- Born: 28 August 1921 Conwy, Wales
- Died: 13 March 2009 (aged 87) Farnborough
- Spouse: Lilian Helen Margaret Collyer

= Sheila Collins =

UK nurse and educationist (1921–2009)

Sheila Margaret Collins OBE FRCN (28 August 1921 – 13 March 2009) was a British nurse, writer and educationist. She was chair of the Royal College of Nursing's council.

==Life==
Collins was born in 1921 in Conwy, Wales. She went to school at the John Bright Grammar School. She decided not to apply to university but after working as a trainee teacher at a local junior school she applied to train at the London Hospital in Whitechapel. She was influenced in her choice by the emerging likelihood of a war and her entry to the London Hospital was delayed by a month because of war being declared in 1939.

In 1953 she returned to the London Hospital as a tutor and she was appointed as Principal Tutor in 1960. She used her position to create an innovative approach to teaching nursing, but realising the value to learning both in the ward and the classroom. In 1965 she went to America and Canada funded by the British Red Cross Society to observe how teaching was taught in North America.

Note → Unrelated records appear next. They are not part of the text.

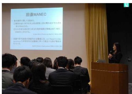
♪2017年度生 研修医発表会♪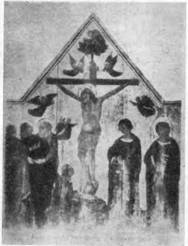
Sl. 4 — Škola ankonitanske marke: Raspeće (Pinacoteca, Fabriano)

Još nekoliko problema ostalo je do danas otvoreno, možda upravo zbog osrednjih vrijednosti slika, koje ih svojom labilnom stilistikom postavljaju. Oznakom »škole Sandra Botticellija« označio je, sasvim razumljivo, Van Marle sliku »Bogorodica s Isusom« (br. 22, sada u depozitu), a smjeru Lorenza di Credija pripisana je već od Frizzonija ona »Bogorodica s djetetom«, koja u našoj galeriji mekoćom modelacije i izraza izdaleka aludira na maniru Leonarda. Vrlo se neodlučno izjasnio Berenson za Ridolfa Ghirlandaia u pogledu »Bogorodice s Isusom i malim Ivanom«, i to s napomenom, da je njegovo rano djelo. Svojim stilom ona je (ako zaista pripada ovom slikaru, koji je živio od 1483—1561) zaista mogla nastati samo u najranijem razdoblju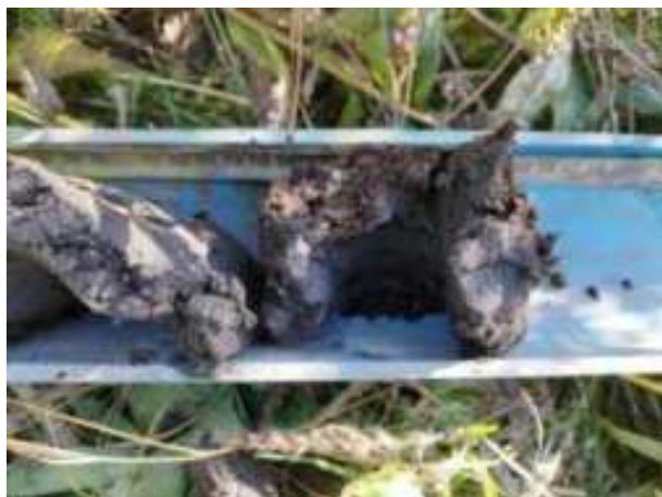
10. ábra: PT01 – 7. részlet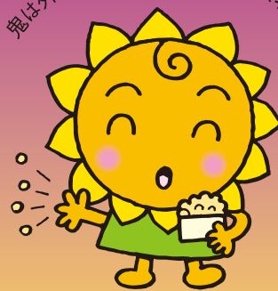
大阪民間共済会キャラクター “きょうちゃん”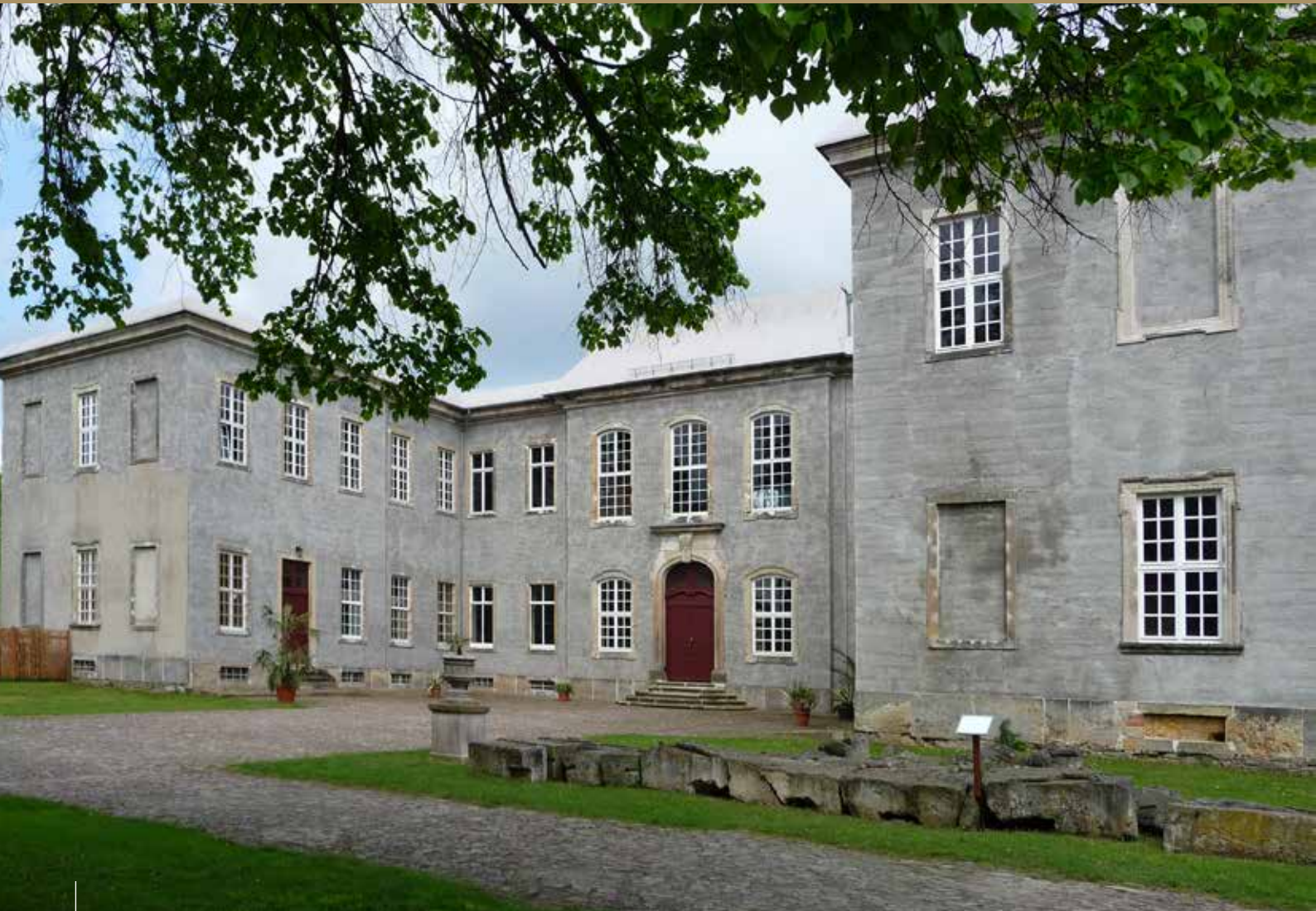
Schloss Dahlen, Zustand nach der Notsicherung

In 1970 she began to study with the Open University. All of her studies were made in her spare time and after four years she was awarded a Bachelor of Arts. She was made a Fellow of the Royal College of Nursing in 1977. Collins was a member of the Briggs Committee on Nursing.

In 1983 she and Edith Parker's "Introduction to Nursing" was published.

In 1987 she was chair of the editorial board who created "The Essentials of Nursing: An Introduction" when she was an associate lecturer at the University of Surrey.

In 1989 her study "Curriculum innovations in six English nursing schools collaborating with institutions of higher or advanced further education" was submitted for a master's degree, but the University of Surrey decided to award her a doctorate.

She had an interest in history and she wrote "The Royal London Hospital: a Brief History" and a history of the Royal London League of Nurses.

Collins died in 2009 in Farnborough. The Nursing Standard noted that she had a "profound influence on the development of nurse education and nursing history".

==Private life==
She met Lilian Helen Margaret Collyer when they were both on a Royal College of Nursing course for tutors in 1949. They lived their lives together and entered into a civil partnership in 2007.